Let \(\mu ,\nu \) be k-wise indistinguishable distributions over \(\varSigma ^n\) for \(\varSigma =\mathrm {\{0,1\}}^\ell \). Let \(L{:}\{0,1\}^{\ell n} \rightarrow \{0,1\}\) be a disjunctive leakage function. Then

$$\begin{aligned} \left| \Pr [L(\mu )=1]-\Pr [L(\nu )=1]\right| \le 2^{-\varOmega (k/\sqrt{n})}. \end{aligned}$$

Proof

By decomposing L into n disjunctive functions that operate separately on each \(\ell \)-bit symbol, \(L(\mu )\) and \(L(\nu )\) can be written as \(OR(\mu ')\) and \(OR(\nu ')\) (respectively), where \(\mu '\) and \(\nu '\) are k-wise indistinguishable distributions over \(\mathrm {\{0,1\}}^n\).
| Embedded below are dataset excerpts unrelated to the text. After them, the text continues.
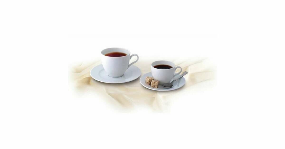 Acest set de cafea moka din ceramică Rotberg Basic, la preț redus, este alegerea perfectă pentru iubitorii de cafea sau ceai. Setul include două cești și farfurioare elegante, din porțelan alb.
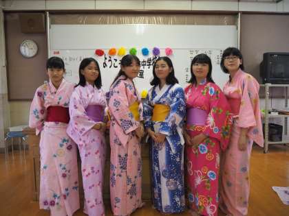 講師の先生から浴衣の歴史,着方を教えていただきました。帯の結び方に苦戦しましたが,浴衣を着ることができました。記念撮影の後,浴衣をたたみました。
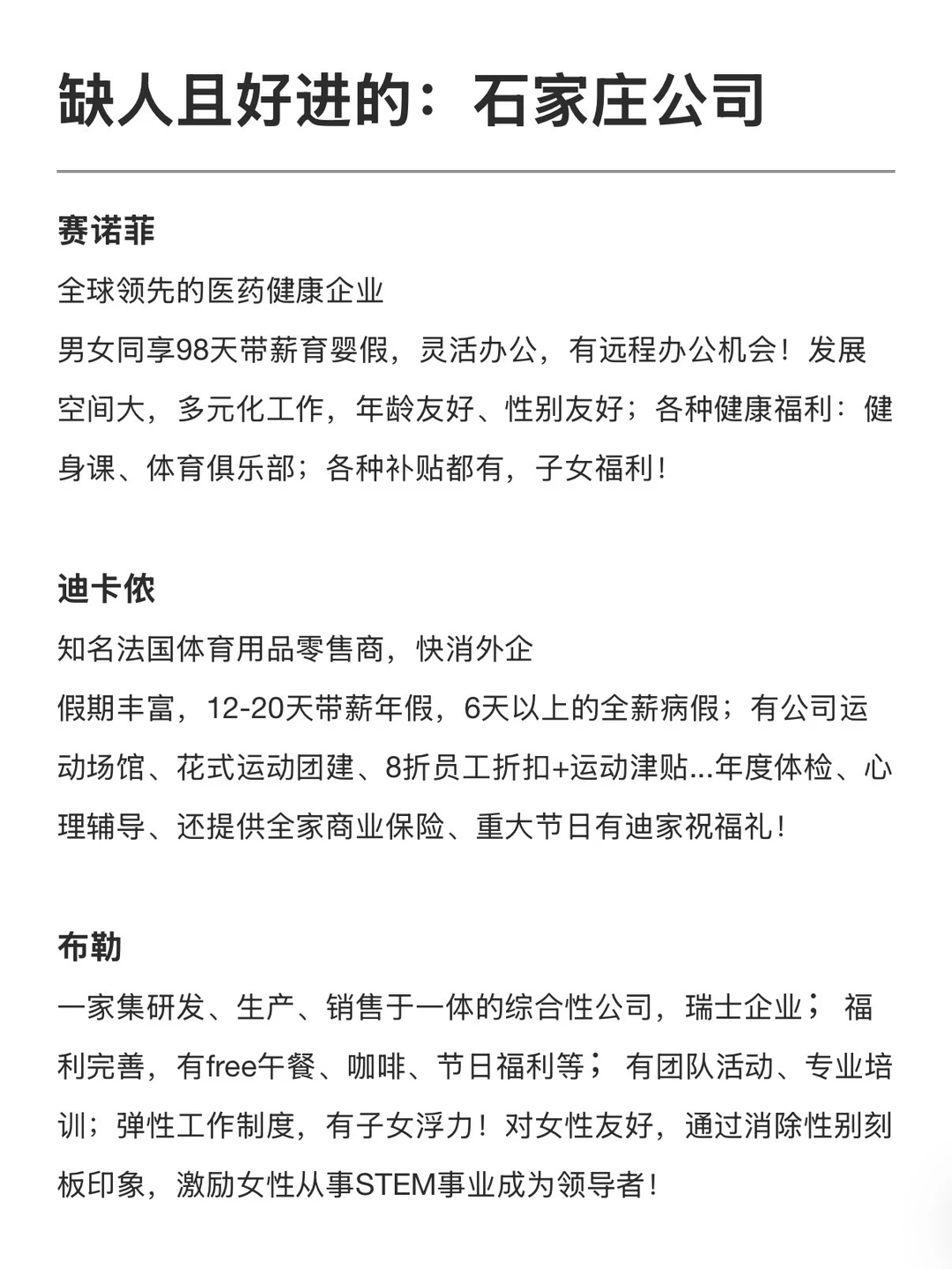 很多外企在石家庄都设有分公司/办事处/地区岗位
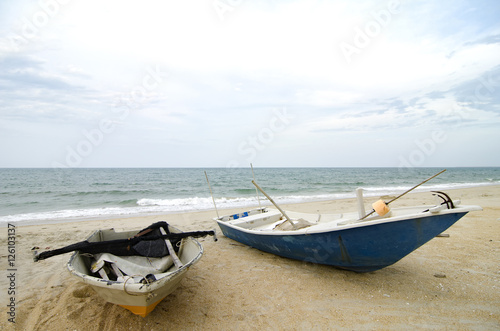 © amirul syaidi, Naklejka premium fisherman boat stranded on the sandy beach and cloudy sky.
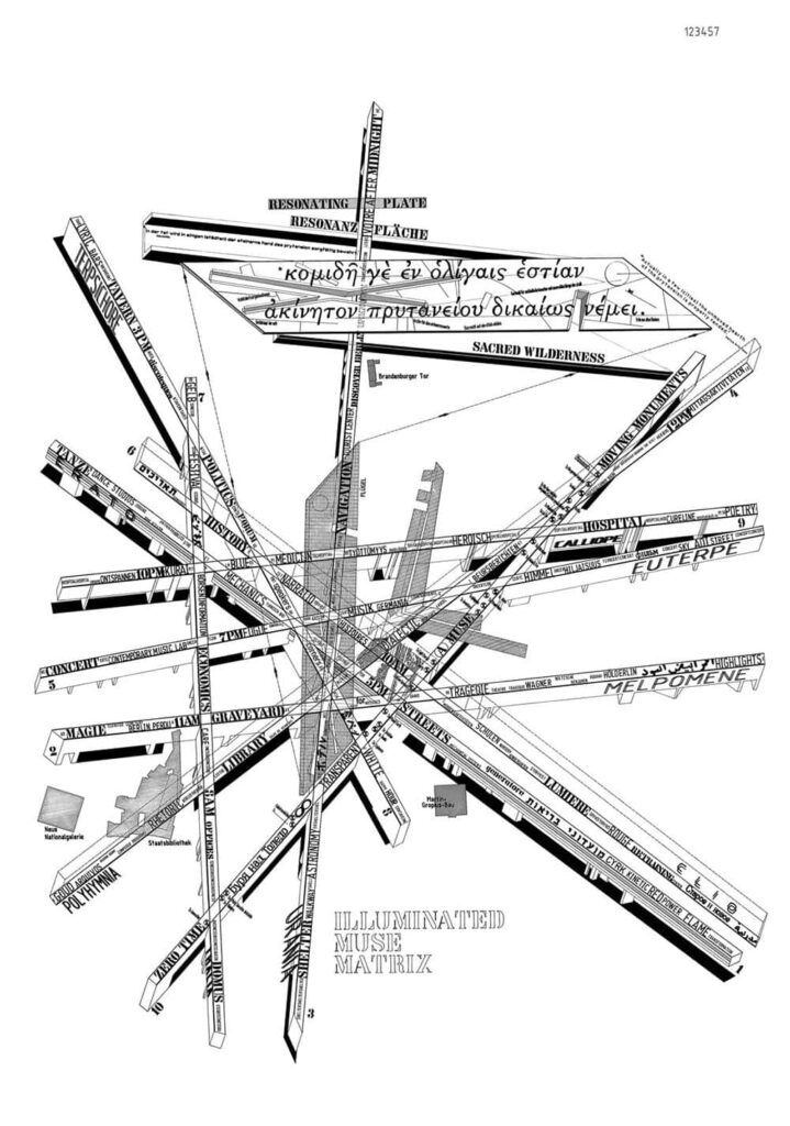Each of the 9 “Muse Lines” represents a cluster of architectonic typologies representing Berlin’s civic history: from the tavern to the graveyard, concert hall, library, hospital, school, shelter, festival, moving monuments, sacred wilderness, etc. that works like a temporal map or spatial clock, demarcating a matrix of historical figures, disciplines, languages, events, colors, shapes and times of the day etched invisibly over the city’s displaced center.
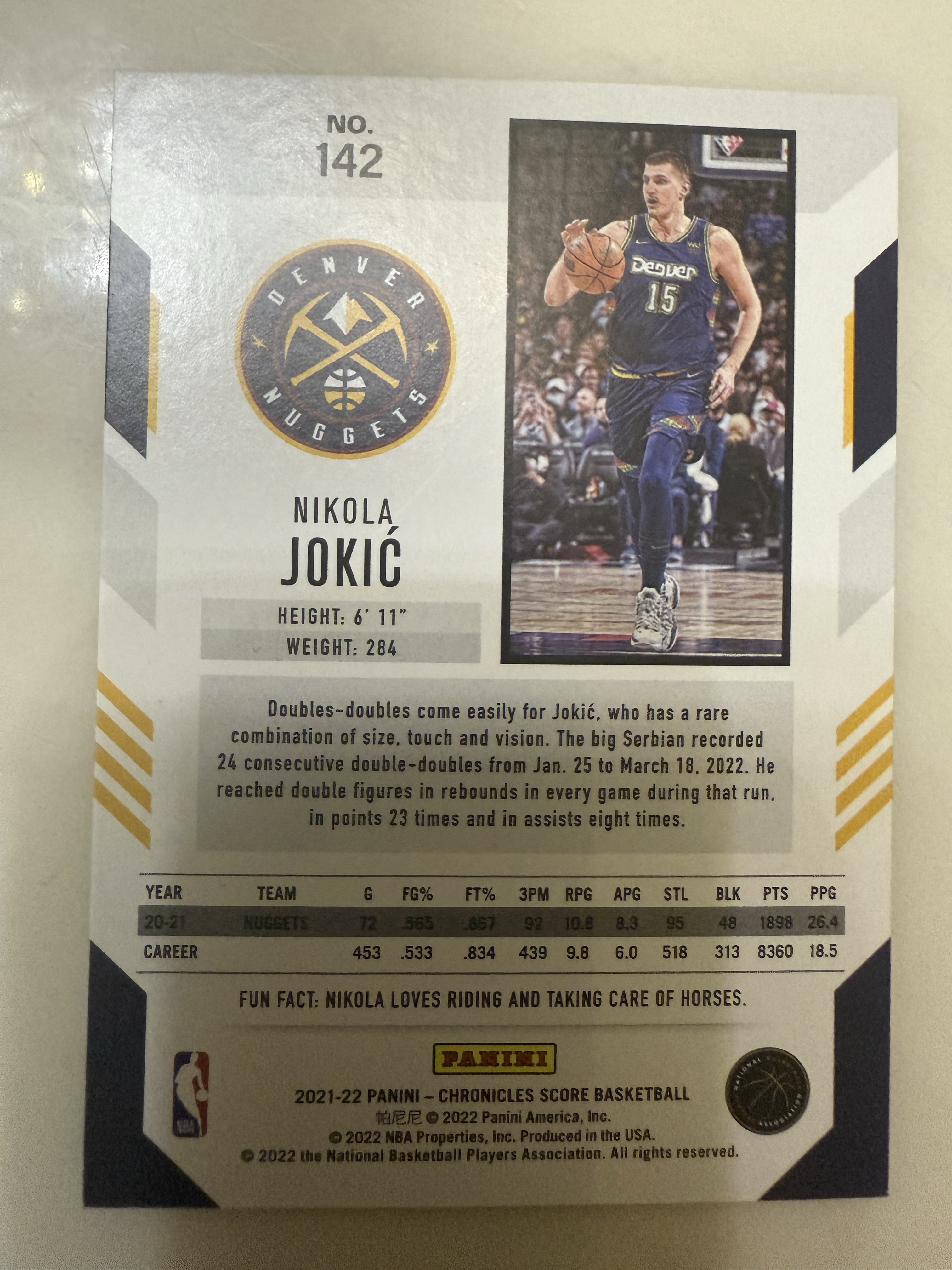 2021-22 Panini Chronicles Nikola Jokic 尼古拉 约基奇 约老师 编年史 卡品如图

The claim then follows from Claim 20 and the approximate degree of OR.

The k-private circuits employed in [26] are based on MPC protocols that resist a constant fraction of corrupted parties. As such, they have the property that their N wires can be partitioned into n “symbols” in \(\varSigma =\{0,1\}^{N/n}\), such that the wire distributions on different inputs are k-wise indistinguishable over \(\varSigma \) for \(k=\varOmega (n)\). Thus, Claim 23 implies that these k-private circuits achieve a good level of disjunctive resilience without any modification.